Research into placebo effects and internal validity
Balanced placebo design
Pharmacological and non‐ pharmacological interventions
Informed consent
Primary outcome measures and statistical analysis
Conclusion

Editor's note

Anton de Craen's study tried to find out whether identical-appearing tablets become more or less effective depending on whether a positive or neutral attitude is expressed by the practitioner giving them. In fact, contrary to what they expected, this appeared not to influence the results. This led them to believe that expectancy must be only one among many significant non-specific factors that influence outcome.
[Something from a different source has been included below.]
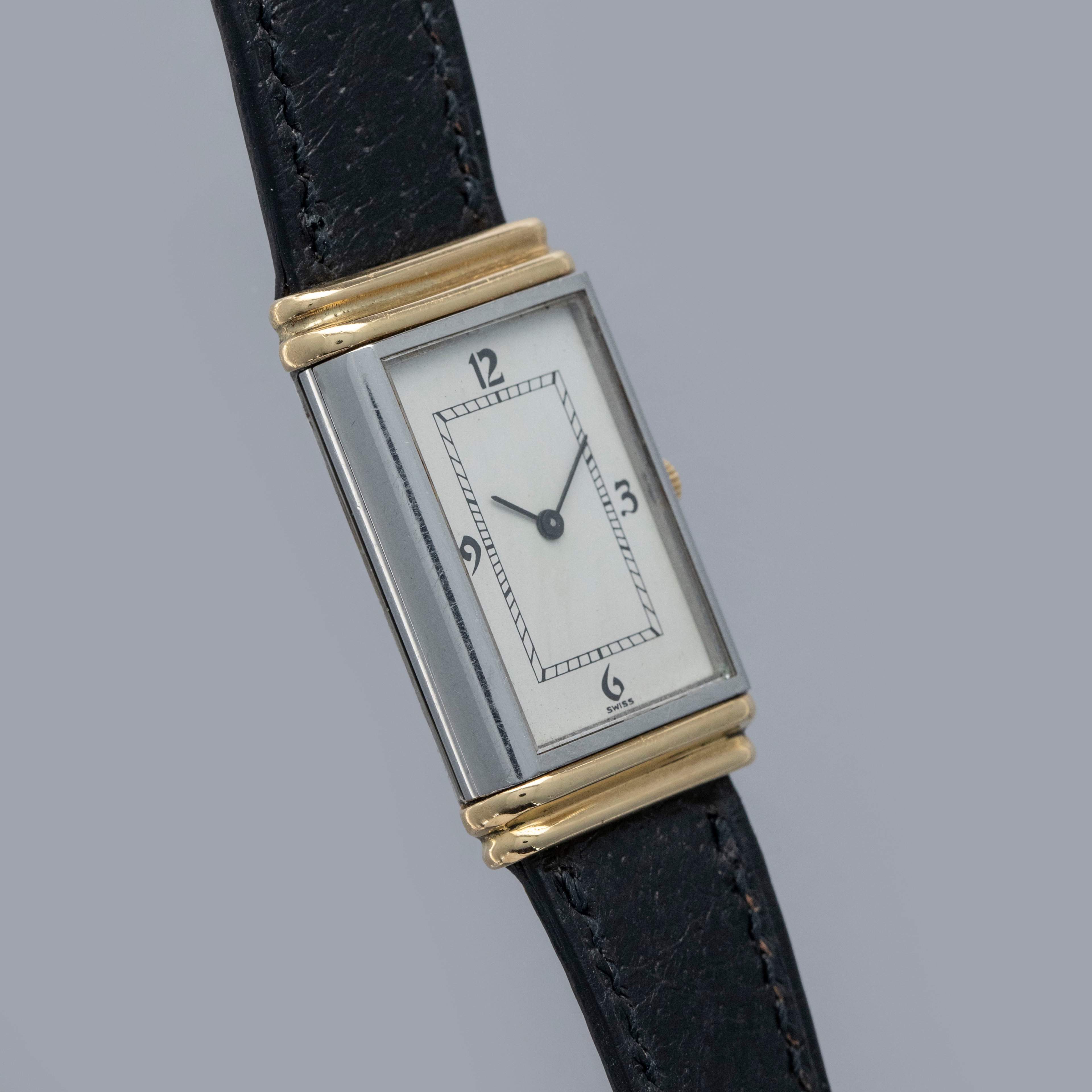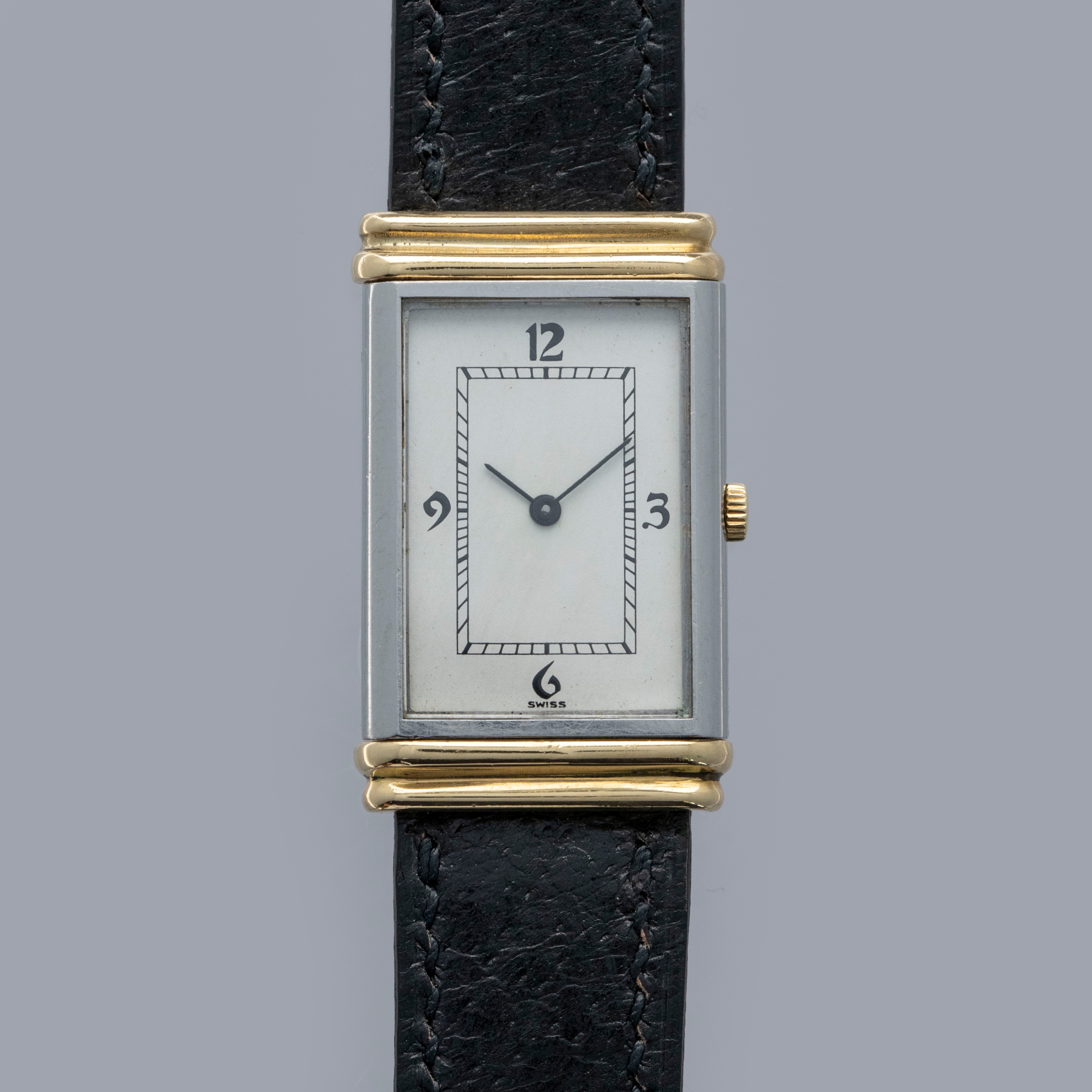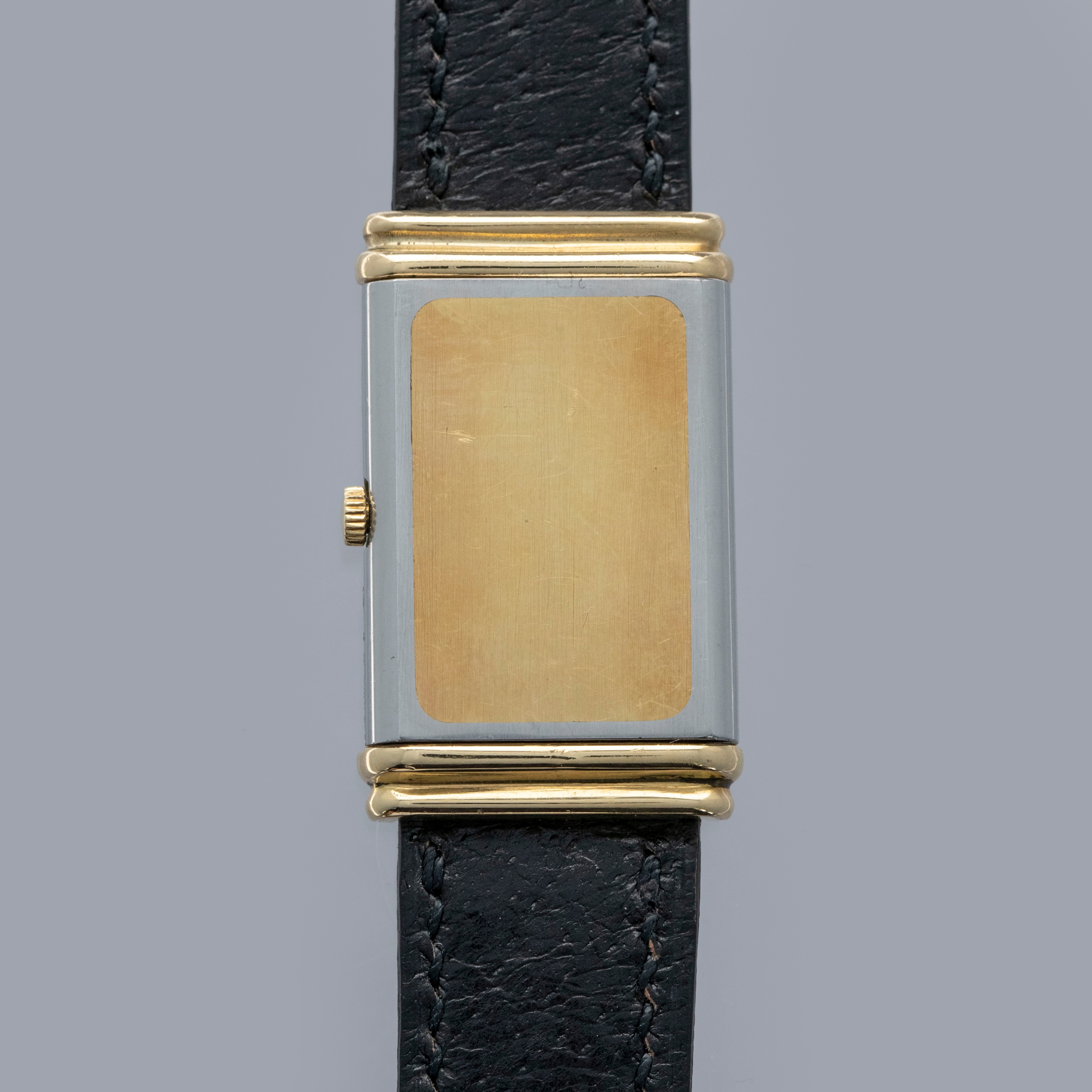 Offered as a unique take on the Reverso, this example features a two-tone 18kt yellow gold and stainless steel 35mm x 21mm case. However, its main point of differentiation come in the shape of its stepped lugs and understated white dial that boasts a wonderfully unique handwritten-style font. This is one stylish obscurity that vintage collectors are sure to be excited by, especially those who like the Cartier Reverso from the same period, and want something a bit more outside of the box than a typical JLC Reverso.

The researchers believe that practitioners need to know more about these factors, and that therefore we should develop the kind of research that can identify all the circumstances that determine a maximal treatment effect. We can only agree with the authors that this is an important issue, given what Angela Clow tells us in her chapter about the beneficial physiological changes that result when these circumstances are working well. The chapter raises important questions about how to research the impact of beliefs and the whole range of influences highlighted by our previous authors.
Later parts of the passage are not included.